His recur ring role as a next door neighbor on TV’s “Roseanne” probably earned him a bigger audience than all his films put together.

from Roger Ebert:

“If the video box says, ‘If you are offended by scenes of graphic horror, do not rent this movie!’-- do not rent this movie.”

This quote accurately describes upwards of 75% of your video store choices. Unfortunately, not all are as considerate in telling you right there on the box that the movie is a piece of shit.

NETFLIX NETFLIX NETFLIX!

My work here is done.

Hey freido, we’re having fun here. Don’t go bringing logic into it . . .

Comparissons to other movies. My favorite is the box to Python where it states:

“It’s this year’s Lake Placid!

Now, I liked Lake Placid, but it’s not necessarily a movie you want to be bragging you’re copying. Also, references to other classic horror villains are bad. The tag for Milo is something like “Even Jason and Freddy were children at some time.” Just a bad, bad sign.

Oh, and if a movie that came out before a big name director’s big movie is re-released, be weary. I feel sorry for all those people who bought Bad Taste and Meet the Feebles because it was “From the same director as Lord of the Rings.” I love both of those films, but unless you know what you’re in for, you’re going to be VERY shocked!

I’ve seen a few boxes which play up the fact that the movie is “Unrated!!!” That means straight-to-video, not “too hot for the theaters.”
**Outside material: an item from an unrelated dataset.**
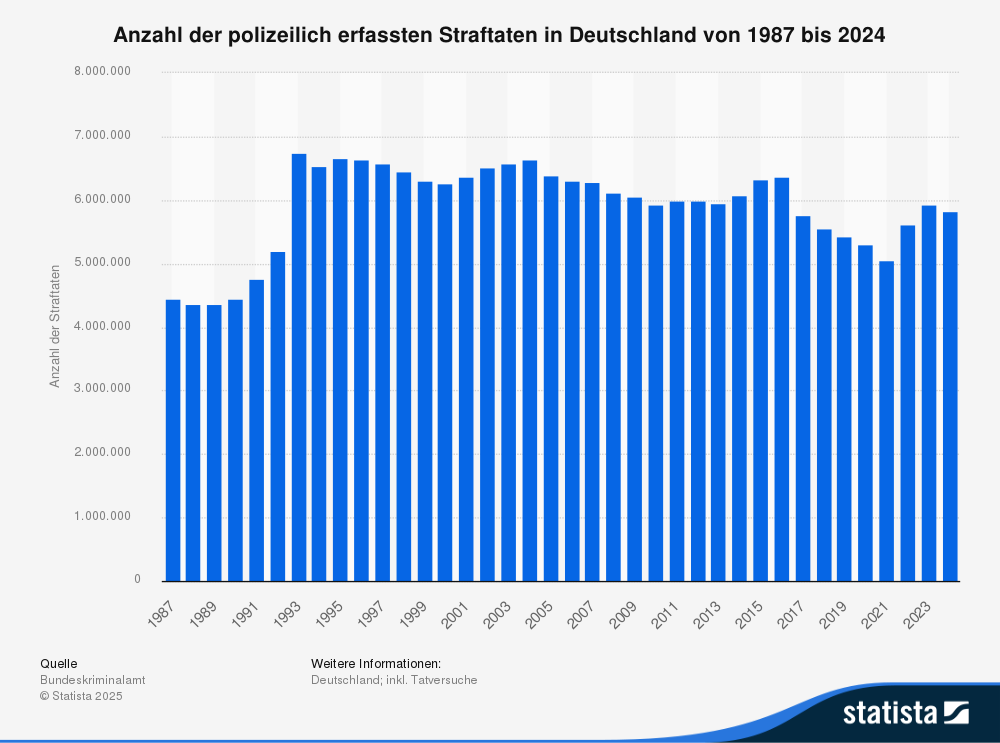 Schaut man in der Polizeilichen Kriminalstatistik des Bundeskriminalamts, wie sich die Kriminalität in Deutschland seit den Fluchtbewegungen 2015, auf die Trump wohl anspielt, entwickelt hat, zeigt sich: 2021 lag die Zahl der polizeilich erfassten Straftaten in Deutschland so niedrig wie seit 1991 nicht mehr. Seit Mitte der 90er- Jahre liegt diese Zahl zudem konstant zwischen 5 und 6,7 Millionen pro Jahr. „Kriminalitätsfrei“ war Deutschland also nie, daran haben auch die Amtszeiten von Merkel oder ihre Flüchtlingspolitik nichts geändert.

I remember renting a Jackie Chan film called “The Prisoner” once, where he had top billing and his face was dominating the cover(in fact, that’s all there was). Well, apparently it was one of his really early films, because he’s in it for maybe 10 minutes, usally just walking through a room a times.

Boy did I feel ripped off.

Having “Ernest” or “Bernie’s” is a pretty big red flag for me.

err that was to say -

Having “Ernest” or “Bernie’s” in the title is a pretty big red flag for me.

KidCharlemagne

As is having the name Michael Pare in the cast list (or depicted on the cover). Especially if Tawny Kitaen is also there.

The use of a famous name in a position other than the one you normally think of that person as occupying. The ill advised directorial forays of actors and writers are legion, but something like “Starring Tom Savini”, or “Written by Keanu Reeves” should also serve as a red flag.

If it has Joe Estevez in it, drop it like a hot rock.